Disabling services with Upstart

If you want a service to not start on system startup, but still want to be able to start it, you have to comment out a line in the configuration file. Programmatically editing configuration files, from a script or a configuration management system is difficult to do cleanly. In general you want to avoid minor changes to configuration files because then you have to reconcile the differences when you upgrade the package. There are plans to add support for an override file wherein you can specify that the service is manual, but clearly Ubuntu server users are taking a backseat to desktop users inside Canonical where Upstart is developed.

Restarting services with Upstart

Which is interesting, as Ubuntu server related packages are being migrated to use Upstart. We start to run into additional quirks, such as when you restart a service that isn’t running, Upstart does not start it.

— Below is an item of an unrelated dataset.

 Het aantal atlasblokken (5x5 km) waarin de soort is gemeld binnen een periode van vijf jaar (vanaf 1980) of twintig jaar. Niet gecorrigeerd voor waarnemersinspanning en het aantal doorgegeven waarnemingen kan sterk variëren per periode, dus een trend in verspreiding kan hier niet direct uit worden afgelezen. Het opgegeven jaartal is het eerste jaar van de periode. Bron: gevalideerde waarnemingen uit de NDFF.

We plan to work around this behavior in Chef but others have clearly taken notice.

$ status mysql
mysql start/running, process 548
$ sudo restart mysql
mysql start/running, process 649
$ sudo stop mysql
mysql stop/waiting
$ sudo restart mysql
restart: Unknown instance: 

Insserv changes how you specify runlevels

On Debian lenny you could specify service runlevels and priorities as such:

$ sudo update-rc.d apache2 start 20 3 4 5 . stop 80 0 1 .
 Adding system startup for /etc/init.d/apache2 ...
   /etc/rc0.d/K80apache2 -&gt; ../init.d/apache2
   /etc/rc1.d/K80apache2 -&gt; ../init.d/apache2
   /etc/rc3.d/S20apache2 -&gt; ../init.d/apache2
   /etc/rc4.d/S20apache2 -&gt; ../init.d/apache2
   /etc/rc5.d/S20apache2 -&gt; ../init.d/apache2

However on squeeze, update-rc.d is wrapped by insserv, which ignores your request and acts on the LSB headers.

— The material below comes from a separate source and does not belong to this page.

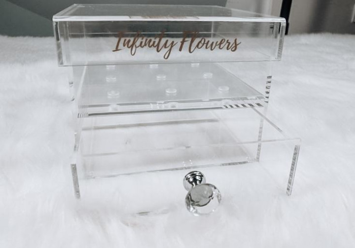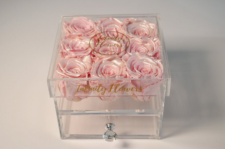 Los mejores Nueve features 9 stunning infinity roses in a transparent plexi glass box with drawer that protects the roses while enhancing its beauty.

$ sudo update-rc.d apache2 start 20 3 4 5 . stop 80 0 1 2 6 .
update-rc.d: using dependency based boot sequencing
update-rc.d: warning: apache2 start runlevel arguments (3 4 5) do not match LSB Default-Start values (2 3 4 5)
update-rc.d: warning: apache2 stop runlevel arguments (0 1 2 6) do not match LSB Default-Stop values (0 1 6)
$ find /etc/rc* -name '*apache*'
/etc/rc0.d/K01apache2
/etc/rc1.d/K01apache2
/etc/rc2.d/S18apache2
/etc/rc3.d/S18apache2
/etc/rc4.d/S18apache2
/etc/rc5.d/S18apache2
/etc/rc6.d/K01apache2

Insserv does have an option to override the LSB headers, but the update-rc.d wrapper doesn’t use it and you have to be very careful as it fails silently if you use it wrong.

$ sudo insserv -r apache2
$ sudo insserv apache2,start=3,4,5,stop=0,1,2,6
$ find /etc/rc* -name '*apache*'
/etc/rc0.d/K01apache2
/etc/rc1.d/K01apache2
/etc/rc2.d/K01apache2
/etc/rc2.d/S18apache2
/etc/rc3.d/S18apache2
/etc/rc4.d/S18apache2
/etc/rc5.d/S18apache2
/etc/rc6.d/K01apache2

Additional behavior to work around in Chef.

Moving forward

Distributions continue to change the way we interact with init with every release. This is clearly a reasons to use a configuration management tool. You know that you want mysql to never start automatically because your cluster resource manager controls it, but how you achieve that has been changing lately with regularity. You can let your configuration management tool abstract that from you. Still, we need to stay involved in the discussions in the open source communities whose software we use and be proactive citizens.